Under the facts of this case which we must accept as true for purposes of the summary judgment, we cannot say, as a matter of law, that the plaintiff should have discovered that she had suffered an injury due to the defendant's negligence before she received the letter advising her that her case had been dismissed. In this regard it is particularly important that, according to plaintiff's testimony, she called the defendant to find out what was happening, and received assurances that everything was all right and she did not have to show up at the motion hearing. To dismiss this action on summary judgment would be tantamount to holding that a lay person, exercising due diligence, should have immediately mistrusted her attorney and began an independent investigation of his actions, despite his assurances that all was well with her case. We think that reasonable minds could differ on this issue, and, therefore, a genuine issue of fact exists.

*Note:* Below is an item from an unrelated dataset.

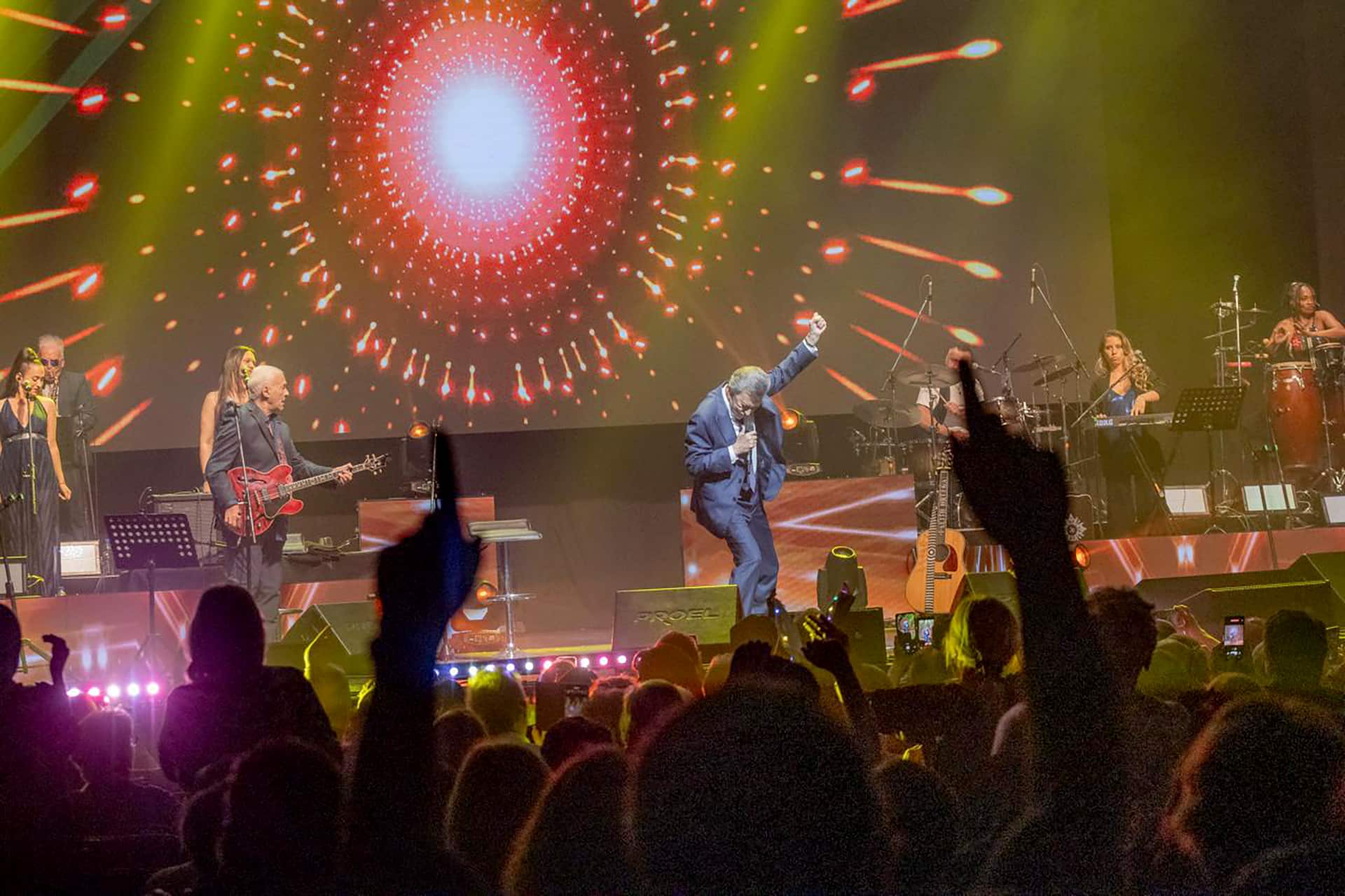 Desde el inicio, apenas pasadas las 20.45, el escenario se llenó de energía con una imponente puesta que incluyó pantallas proyectando imágenes de la juventud y adultez del artista, en un viaje emotivo por su carrera. Acompañado por once músicos de excelencia, Palito desplegó un repertorio que transitó entre la alegría de hits como “Un muchacho como yo”, “Corazón contento”, “La felicidad” y “Despeinada”, hasta instantes cargados de sensibilidad como “Muchacho que vas cantando” o “Sabor a nada”.

We reverse the judgment of the trial court granting summary judgment in favor of the defendant and remand the case to the trial court. Costs on appeal are assessed to the appellee.

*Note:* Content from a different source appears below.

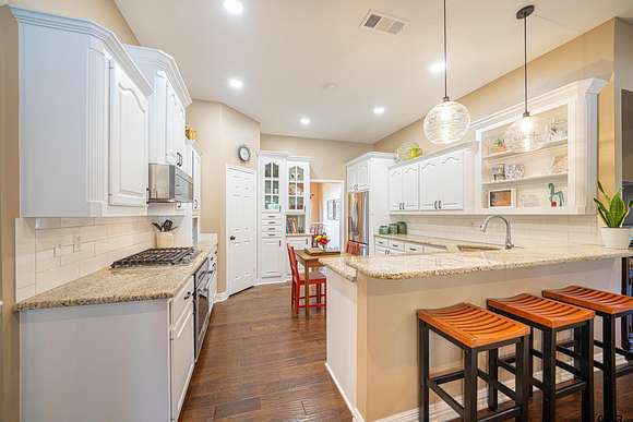 TRADITIONAL ELEGANCE MEETS MODERN COMFORT IN LONG ACRES-Nestled on the edge of the city limits of Mt. Vernon in the sought-after Long Acres subdivision, this expansive 5 bedroom, 3.5 bathroom home offers the perfect blend of tranquility and convenience. Spanning 3,731 square feet, this traditional style residence is set on approximately 3 acres of beautifully landscaped grounds providing ample space and privacy. Step inside to discover a welcoming interior featuring neutral color schemes that enhance the home's timeless appeal. The floor plan includes two spacious living areas, perfect for both relaxation and entertaining. The family room flows seamlessly into the open dining area while a separate formal dining room offers an elegant setting for special occasions. The heart of the home is the kitchen which opens to the family room and boasts granite countertops, stainless appliances, a gas cooktop, plenty of storage and a breakfast bar. The split bedroom layout provides added privacy for the spacious primary bedroom featuring a recently updated ensuite spa bath complete with separate vanities and 2 walk-in closets. Step outside onto the covered patio which leads to the backyard and enjoy year-round relaxation with a heated saltwater pool surrounded by flagstone and fenced for added privacy and security. Additional amenities include a 2-car side entry garage, extra parking, a spacious utility room, a storage building and a storm shelter for peace of mind. Recent updates ensure that this home is move-in ready, allowing you to enjoy all it has to offer from day one. Whether you're hosting gatherings in the formal dining room, cozying up by the fireplace, or unwinding by the pool, this property is designed for both comfort and style. Seller is offering $10,000 in concessions with acceptable offer!!! Don't miss the opportunity to make this exceptional property your own.

______________________________________ Don T. McMurray, Judge
CONCUR:
______________________________________ Houston M. Goddard, Presiding Judge
______________________________________ Charles D. Susano, Jr., Judge
JUDGMENT
This appeal came on to be heard upon the record from the Circuit Court of Knox County, briefs and argument of counsel. Upon consideration thereof, this Court is of the opinion that there was reversible error in the trial court.
We reverse the judgment of the trial court granting summary judgment in favor of the defendant and remand the case to the trial court. Costs on appeal are assessed to the appellee.